Take the point estimate (xbar)
Add or substract the reliability factor, multiplied by the standard error
The reliability factor can be based on a z value or a t value
The standard error is sigma / sqrt(n) or s / sqrt(n) if you only have sample variance
If you multiply reliability factor x standard error by 2 you get the confidence interval, as it is plus minus
What are the most common reliability factors?
90% confidence interval: 1.65 rf
95%: 1.96
99%: 2.58
Do we use z or t to find our confidence interval if we have a large sample with variance unknown?
z, because as sample size increases t increases
i.e., if n=400 we would just use z
The reading tends to say over n=30 we would stop using t, but over 200 or 300 is where they converge. A “large sample size” is not really 50.

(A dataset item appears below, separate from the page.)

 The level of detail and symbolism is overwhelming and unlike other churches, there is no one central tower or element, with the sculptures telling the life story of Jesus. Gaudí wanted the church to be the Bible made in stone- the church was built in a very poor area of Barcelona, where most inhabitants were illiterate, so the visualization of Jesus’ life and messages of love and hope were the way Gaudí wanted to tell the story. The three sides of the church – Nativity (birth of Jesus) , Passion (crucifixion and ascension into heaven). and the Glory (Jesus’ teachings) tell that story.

You can never be WRONG when using the t value because of the convergence
How do we find t-value in excel?
=T.INV(probability, degrees of freedom)
gives you the t value or the negative t value
Under what conditions would we use the z value?
NAME?
How do we determine what sample size will be required to obtain a confidence interval of 1% can be created?
Let’s call this E:
xbar +/- ( t x s/sqrt(n) )
The width of the confidence interval will be 2E
Thus we can rearrange to:
n = [ (t x s) / E]^2
We would not expect standard deviation for the sample to change as n changes, but we would expect standard error to change.
What is a data snooping bias?
The bias of searching a data set for statistical patterns or relationships. This is also known as data mining.

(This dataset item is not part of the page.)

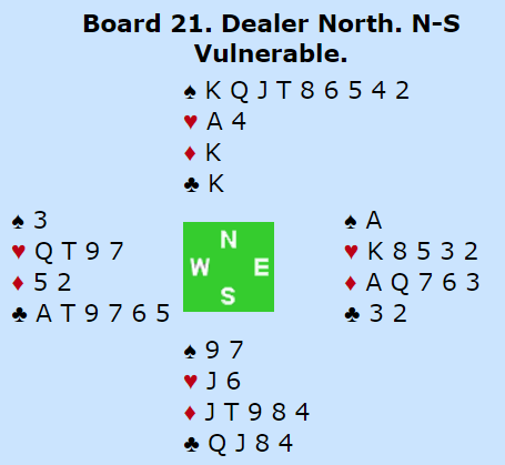 Hjerter 10 ga avkast for en spar, og den femte hjerteren kunne så godspilles og gi avkast for en spar til. Dermed var det tolv stikk, +920 til lag HANS. Det ga 10 IMP inn siden Nickells N/S-par spilte 3NT med ett overstikk.

If alpha = 5%, testing 100 different variables, on average, will produce 5 significant relationships
Data snooping is typically not theory-driven, and lacks an economic rationale behind it.
How do we minimise or avoid data snooping bias?
- To combat data snooping bias we must have a clear, well-formulated hypothesis. It must have an economic rationale and accompanying theory behind it.
- We split our data set into a training data set, a validation data set, and test data.
- The training data is used to build and fit a model
- The validation data set is sed to fit and tune the model.
- The test data is used as an out-of-sample test to evaluate model fit. If data snooping is present, there will be insignificant model fit!
What is sample selection bias?
Excluding some observations or time periods (basically choosing non-random samples)
i.e., survivorship bias: historical data may only include data for companies that survived
This would overstate the performance.
Another example would be using hedge fund indexes. Since they self-report, only well-performing funds may opt to report.
What is look ahead bias?
Using information that was not available on the observation date.
I.e., models that use price and accounting data from the historical record, when the accounting data may not have been available on the same date.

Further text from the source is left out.